§ **TASK PROMPT**: Only the lines from the one with "1、进入游戏后,从一块小土地" to the end of the data, both ends included, should be output, exactly as they stand and without pictures.

### PROVIDED RECORDS ###

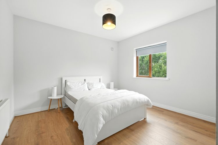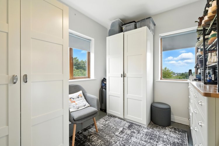 This bedroom features timber flooring and windows on both gable walls, allowing for an abundance of natural light. It enjoys a high level of privacy, overlooking a green area to the side and the rear garden. The room benefits from a south and west-facing aspect. |
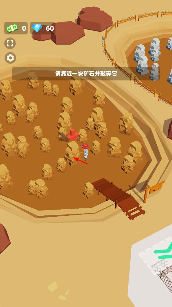 1、进入游戏后,从一块小土地和基础工具开始,操控角色挖掘地表矿石,收集第一桶金,为更换更好工具、扩大矿场积累初始资金。
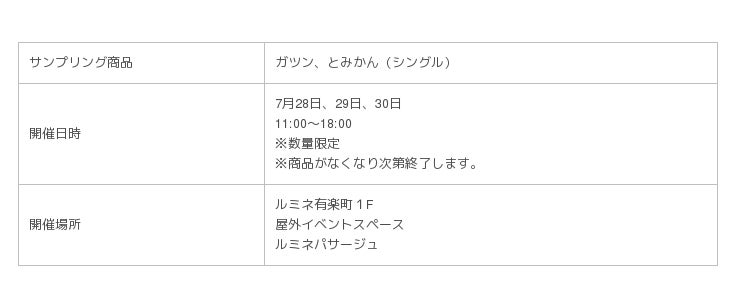 赤城乳業株式会社(本社:埼玉県深谷市、社長:井上創太)は2017年7月28日(金)~30日(日)の三日間、ルミネ有楽町1F屋外イベントスペース ルミネパサージュ にて夏にぴったりなアイス「ガツン、とみかん」の無料配布を実施いたします。
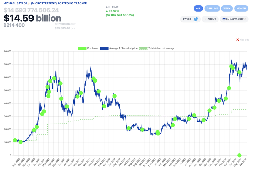 Tällä hetkellä MicroStrategy omistaa 214 400 BTC:tä, joiden arvo on noin 14,59 miljardia dollaria, mikä tuottaa yli 92,37 prosentin realisoitumattoman voiton.
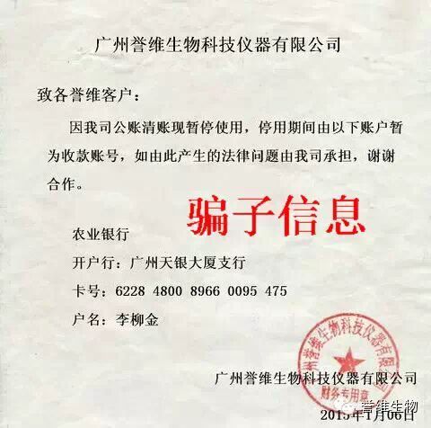 各位合作伙伴:近有騙子盜用我公司同事QQ,把QQ里面某些客戶刪除后又重新用其他QQ添加回來,同時發以下信息給客戶,說是我們譽維原來的賬號暫時停用,付款需要轉賬到新的銀行賬號. 在此提醒各位合作伙伴,如果有收到QQ發送的銀行賬號變更事宜,請電話聯系確認,以免發生上當受騙事宜!
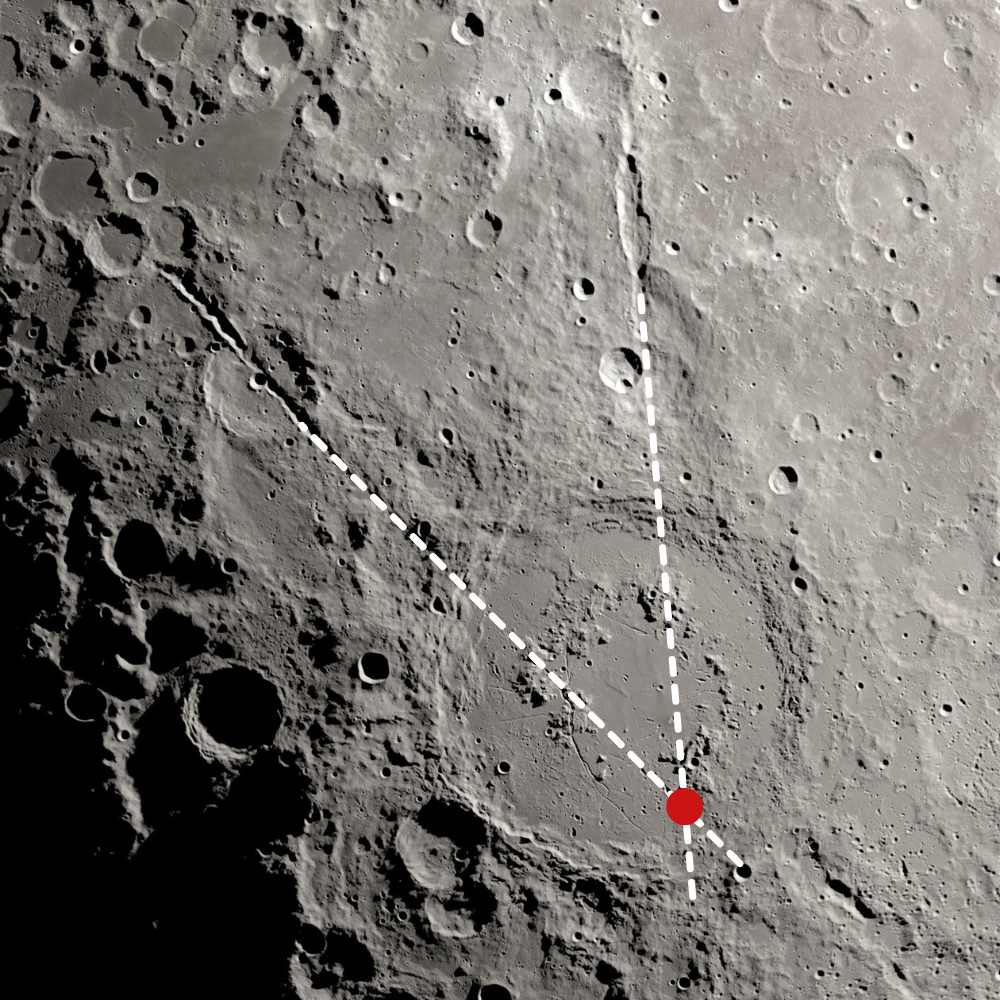De twee ‘Grand Canyons van de maan’ beginnen pas op enige afstand van de impactkrater. Als je de lijnen denkbeeldig doortrekt richting de krater, ontmoeten ze elkaar niet in het midden daarvan, maar veel zuidelijker en een beetje naar het oosten. Dat is volgens de onderzoekers waarschijnlijk de plek waar het botsende object als eerste contact maakte met de maan.
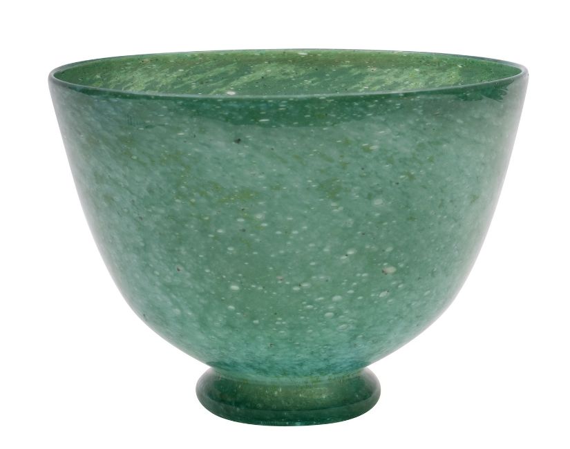 A Whitefriars green cloudy glass bowl, pattern no.7170, after the original design by William Butler, 14cm high.
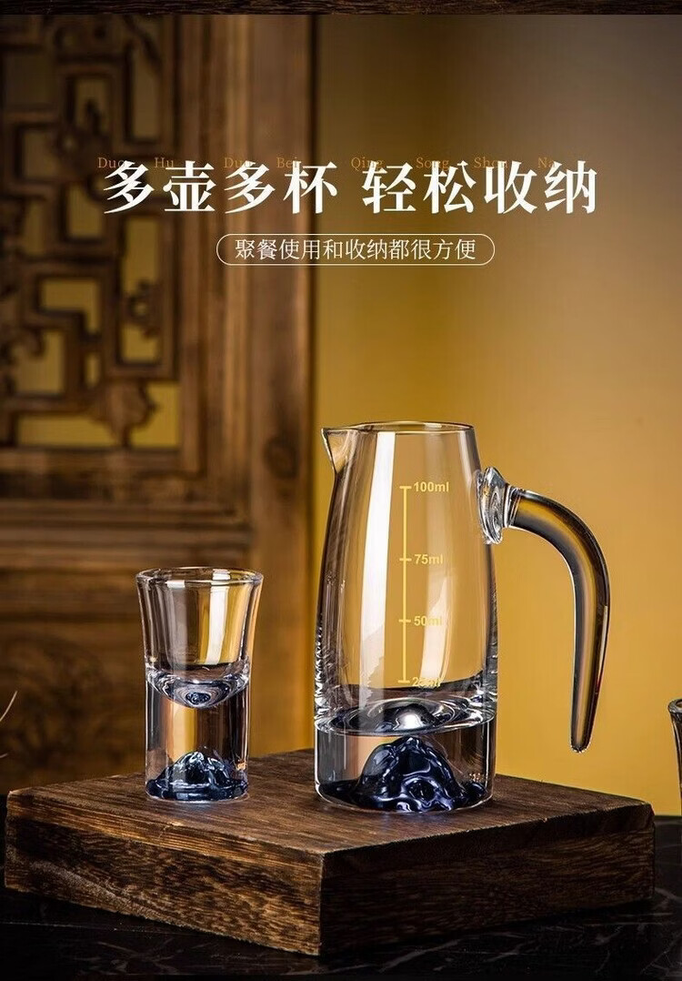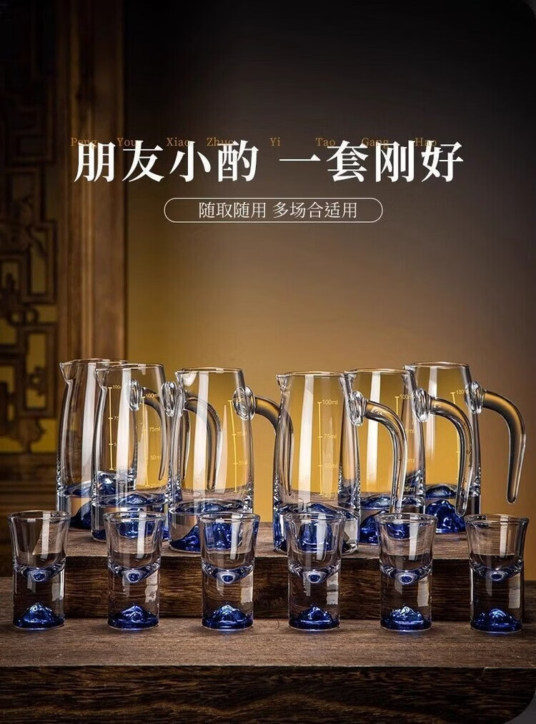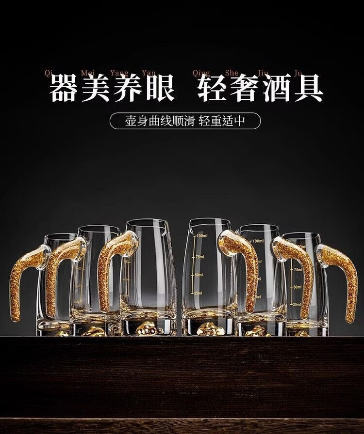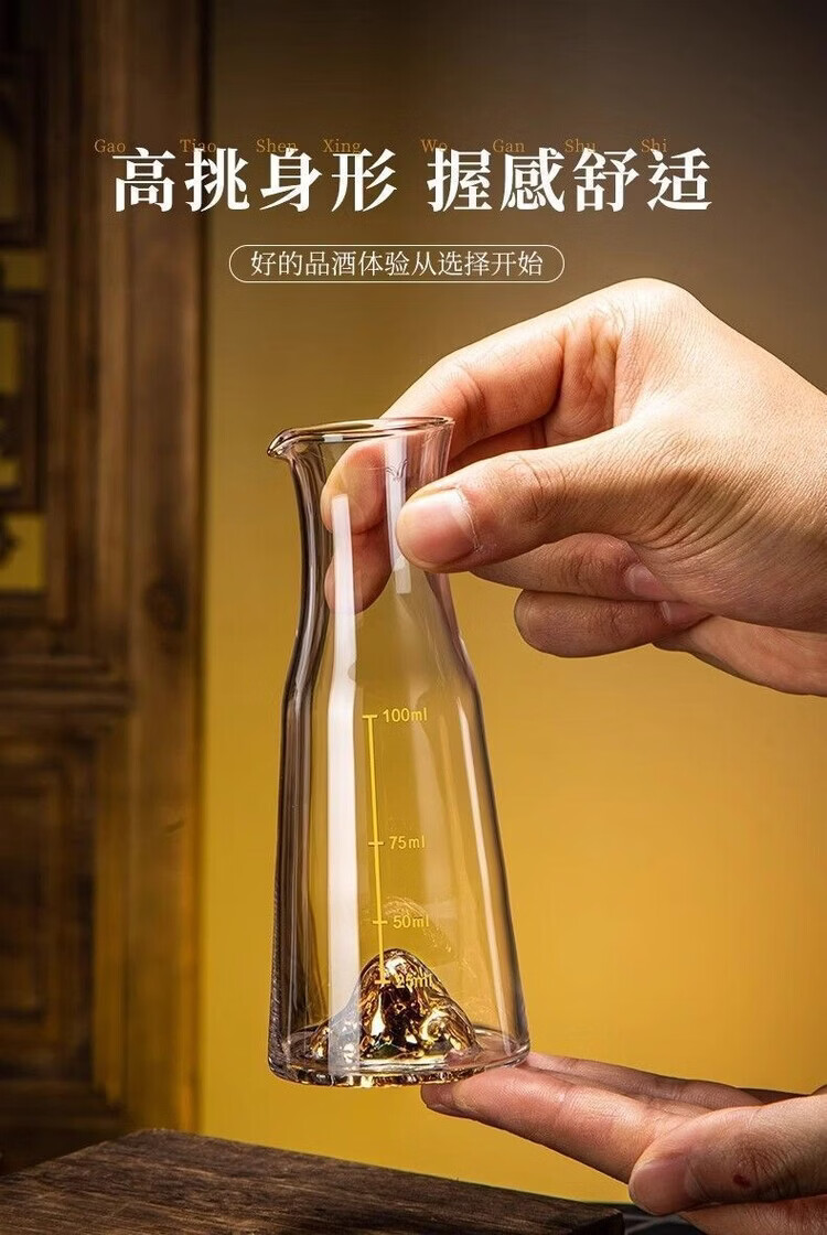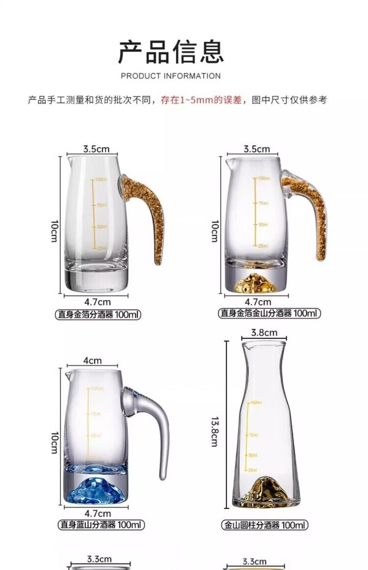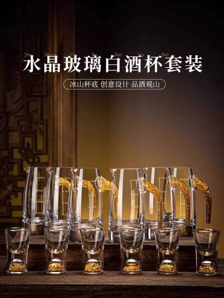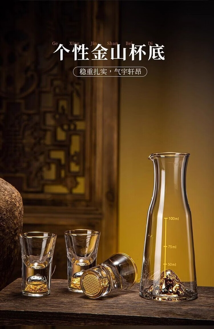 咏夏金箔白酒杯套装玻璃小号一口杯家用水晶金山刻度分酒器酒盅 【1壶2杯】金箔壶+金箔杯

###

§ **WRITTEN ANSWER**:
 1、进入游戏后,从一块小土地和基础工具开始,操控角色挖掘地表矿石,收集第一桶金,为更换更好工具、扩大矿场积累初始资金。
 赤城乳業株式会社(本社:埼玉県深谷市、社長:井上創太)は2017年7月28日(金)~30日(日)の三日間、ルミネ有楽町1F屋外イベントスペース ルミネパサージュ にて夏にぴったりなアイス「ガツン、とみかん」の無料配布を実施いたします。
 Tällä hetkellä MicroStrategy omistaa 214 400 BTC:tä, joiden arvo on noin 14,59 miljardia dollaria, mikä tuottaa yli 92,37 prosentin realisoitumattoman voiton.
 各位合作伙伴:近有騙子盜用我公司同事QQ,把QQ里面某些客戶刪除后又重新用其他QQ添加回來,同時發以下信息給客戶,說是我們譽維原來的賬號暫時停用,付款需要轉賬到新的銀行賬號. 在此提醒各位合作伙伴,如果有收到QQ發送的銀行賬號變更事宜,請電話聯系確認,以免發生上當受騙事宜!
De twee ‘Grand Canyons van de maan’ beginnen pas op enige afstand van de impactkrater. Als je de lijnen denkbeeldig doortrekt richting de krater, ontmoeten ze elkaar niet in het midden daarvan, maar veel zuidelijker en een beetje naar het oosten. Dat is volgens de onderzoekers waarschijnlijk de plek waar het botsende object als eerste contact maakte met de maan.
 A Whitefriars green cloudy glass bowl, pattern no.7170, after the original design by William Butler, 14cm high.
 咏夏金箔白酒杯套装玻璃小号一口杯家用水晶金山刻度分酒器酒盅 【1壶2杯】金箔壶+金箔杯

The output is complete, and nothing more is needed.